Received: 01-Jun-2022, Manuscript No. ACTVR-22-70497; Editor assigned: 03-Jun-2022, PreQC No. ACTVR-22-70497 (PQ); Reviewed: 17- Jun-2022, QC No. ACTVR-22-70497; Revised: 22-Jun-2022, Manuscript No. ACTVR-22-70497(R); Published: 29-Jun-2022, DOI: 10.37532/ actvr.2022.12(3).60-62


African swine fever (ASF) is an acute hemorrhagic disease that kills close to 90% of its victims and is brought on by domestic swine and wild boar becoming infected with the ASFV. ASFV has been spreading throughout the world and poses a serious danger to the swine industry’s financial stability. There isn’t a highly effective medication or vaccine for this illness. Pigs may contract attenuated ASFV isolates through chronic infection, but the infection will not be fatal, suggesting that pigs may be able to develop a defence against resistant ASFV. Insights into the biology of ASFV have been provided by studying the essential pillars of immunity development and virus clearing, which keep the host’s normal cell functions and animal life depending on virus-host interactions, in-tact. Regarding the complex interaction between the ASFV protein and host, this review is divided into sections based on broad themes including natural immunity, endoplasmic reticulum stress, cell death, ubiquitination, and autophagy. Insights into the initial virus sensing, clearance, and cell homeostasis can be gained by elucidating the multifunctional role of ASFV proteins in virus-host interactions. This information will also help in the study of viral pathogenesis and the creation of new antiviral therapies. Due to the lack of a vaccine or efficient therapy, African swine fever (ASF) is one of the most severe hemorrhagic infectious diseases that affect pigs and wild suids. Up to 167 ORFs in the vast dsDNA genome of the African swine fever virus (ASFV) are anticipated to encode proteins. This genome has sparked the interest of scholars all over the world since it was first made available to China in 2018. Here, we examine the latest development in ASFV research. Given the significance of this condition, this review will focus on recent advances in basic virology, with a particular emphasis on epidemiology, virulence, pathogenic mechanisms, diagnosis, vaccine development, and treatment. This will aid in our comprehension of virus-host interactions and disease prevention with regard to ASFV.

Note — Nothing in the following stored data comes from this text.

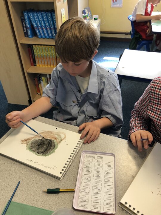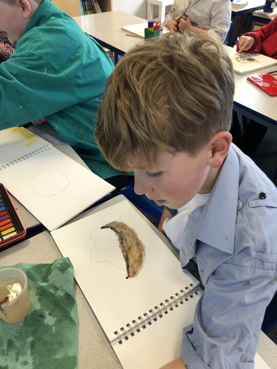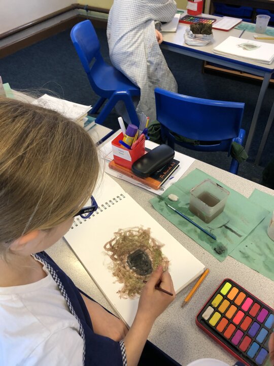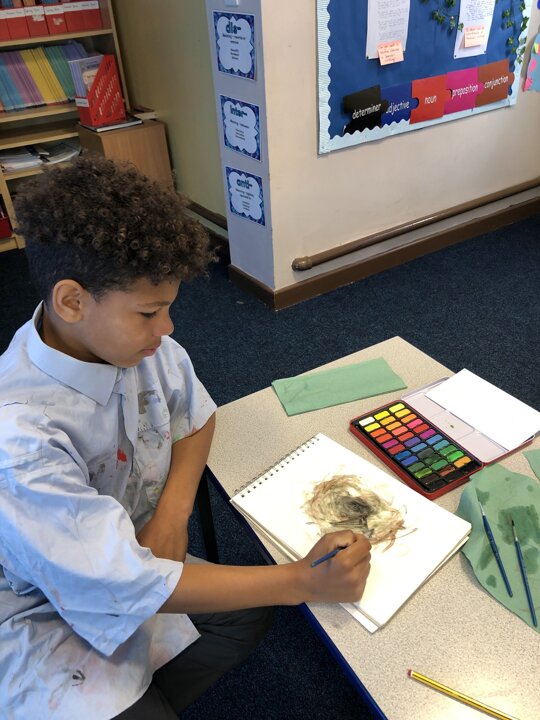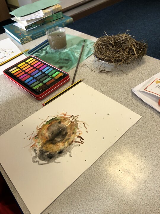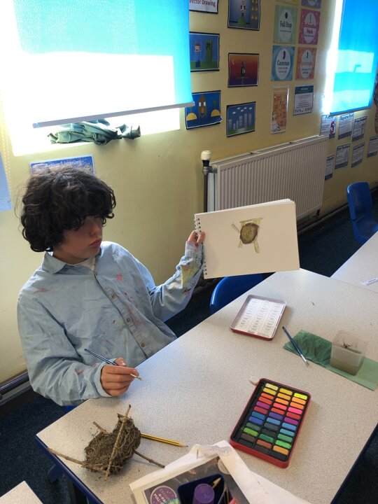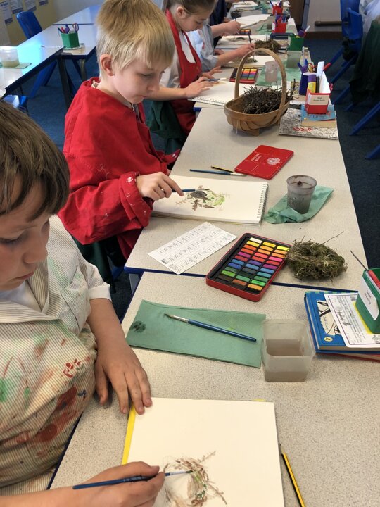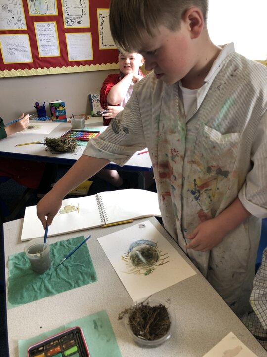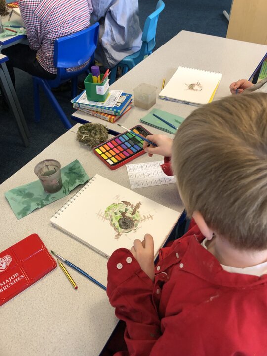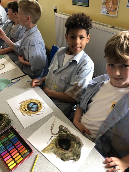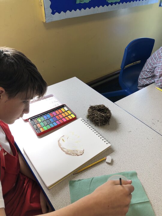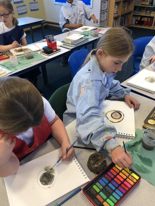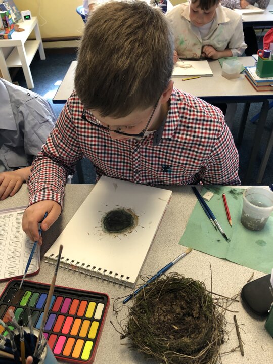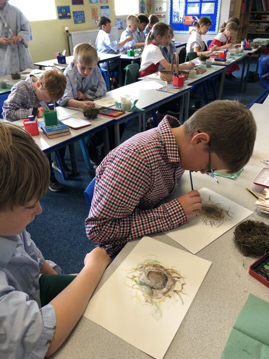 After studying the birds’ nests last week and producing charcoal and chalk drawings which focused on gaining depth with shading, the Upper School children used the new watercolour palettes to try and recreate paintings of the nests.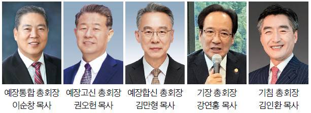 한 회기를 이끌어갈 새로운 지도자도 잇따라 선출됐다. 예장통합 총회는 이순창 연신교회 목사를 총회장에 추대했다. 예장고신은 부산 포도원교회에서 제72회 총회를 열고 신임 총회장에 권오헌 서울시민교회 목사를 선출했다. 예장합신은 경기도 남양주 중계충성교회에서 개회한 제107회 총회에서 김만형 친구들교회 목사를 총회장으로 뽑았다.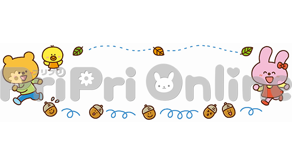 おいかけっこをする動物たちとどんぐりの飾り枠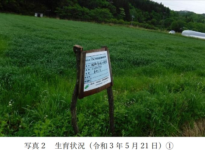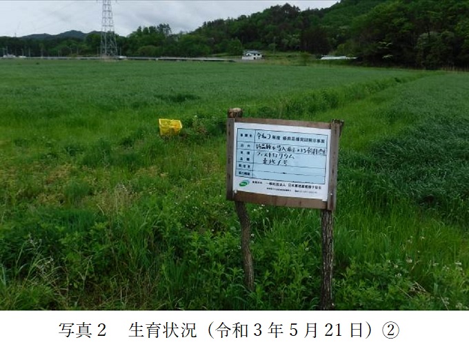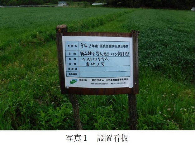 | 栽培概況 気象・生育・展示 | ・地目は田。東北南部高冷地(標高約500m)である飯館村において、湿害に強く水田での収量が安定している品種と判断して栽培展示した。4月4・5日にオール14を40㎏/10a追肥。調査日は出穂期。播種日が、地域のオ-チャドグラス(8月下旬~9月中旬)より遅かった(10月中旬)にも拘わらず、生育は旺盛で、病虫害の発生も無く、一番草の収量は満足できる結果であった。展示品種の地域における普及上の残された課題は、二・三番草の収量と牛の嗜好性であるが、特に牛の嗜好性が良ければ普及を推進すべき品種であると思われる。 |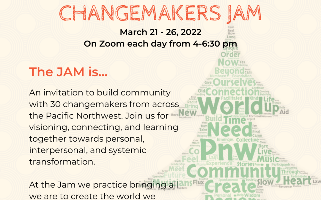 It is with great excitement that we invite you to apply for the Pacific Northwest Virtual Jam – a gathering of about 30 dynamic and diverse changemakers for deep learning, systemic inquiry, and community building.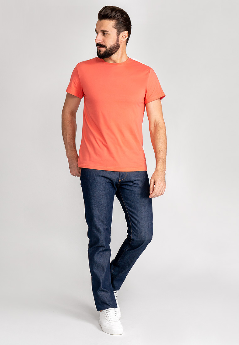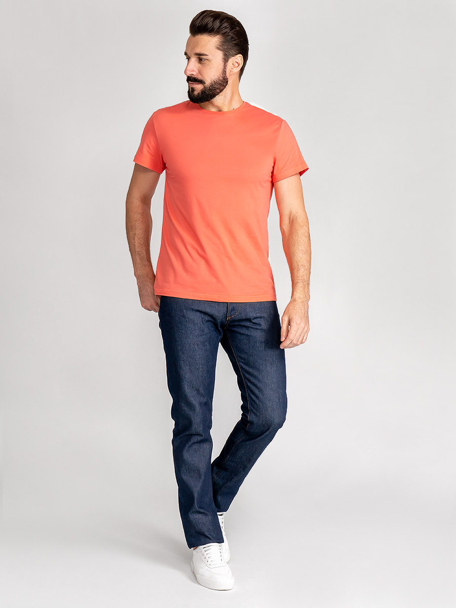 Цвет: Оранжевый Рисунок: Трикотаж..показать однотонный Состав: 100% хлопок Supreme Модель: Классическая Ворот: Круглый Силуэт: Прямой силуэт / Сlassic fit однотонный

ASFVE • epidemiology • Diagnosis • Vaccines • Control • African • swine fever • Cell homeostasis • Virus-host interactions • Antiviral

Abbreviations: ASFV: African swine fever virus • ASF: African swine fever • dsDNA: Double strand DNA • VDPV: Vaccine-derived Poliovirus


Depending on intricate interactions involving both viral and host factors, the outcome of an infection with the African swine fever virus varies greatly. There aren’t many clinical symptoms when the natural reservoir hosts, like as warthogs and bush pigs in East Africa, are infected, yet animals can carry the virus for a long time [1]. This demonstrates a longterm adaptation to keep a virus reservoir alive without eradicating the infection or the host. Ornithodoros moubata, a kind of soft tick that lives in the burrows of warthogs, serves as the virus’s biological vector and reservoir, and it is essential to maintaining infection in this transmission cycle. Contrarily, infection of domestic pigs or wild boars with comparable ASFV strains causes an acute hemorrhagic fever with a very high case fatality rate [2]. Although the majority of ASFV isolates in domestic pigs result in this acute form of disease, some less virulent isolates have emerged and these can induce a sub-acute type of sickness from which 30–50% of pigs recover. Some isolates with low virulence produce minimal clinical symptoms and very little mortality [3]. It is highly commendable that the African polio eradication programme has successfully immunised over 220 million children since its discovery1, but maintaining its success has been difficult due to the emergence of vaccine-derived poliovirus (VDPV) in a number of African countries and the global prioritisation of COVID-19 response and control efforts. Senegal, Mali, Niger, Chad, Egypt, Mauritania, The Gambia, Guinea Bissau, Kenya, Uganda, Sudan, Guinea, are among the African nations with a high risk of contracting polio [4].

ASFV cellular tropism

ASFV only has a small range of cellular tropism. Although replication in dendritic cells has also been documented, macrophages and monocytes are the main targets for this process. These cell types are essential for triggering innate immune responses in response to particular signals brought on by pathogens. In order to activate the adaptive immune response, which is essential for the establishment of a protective immunological response, these cells also convey antigen to T cells [5].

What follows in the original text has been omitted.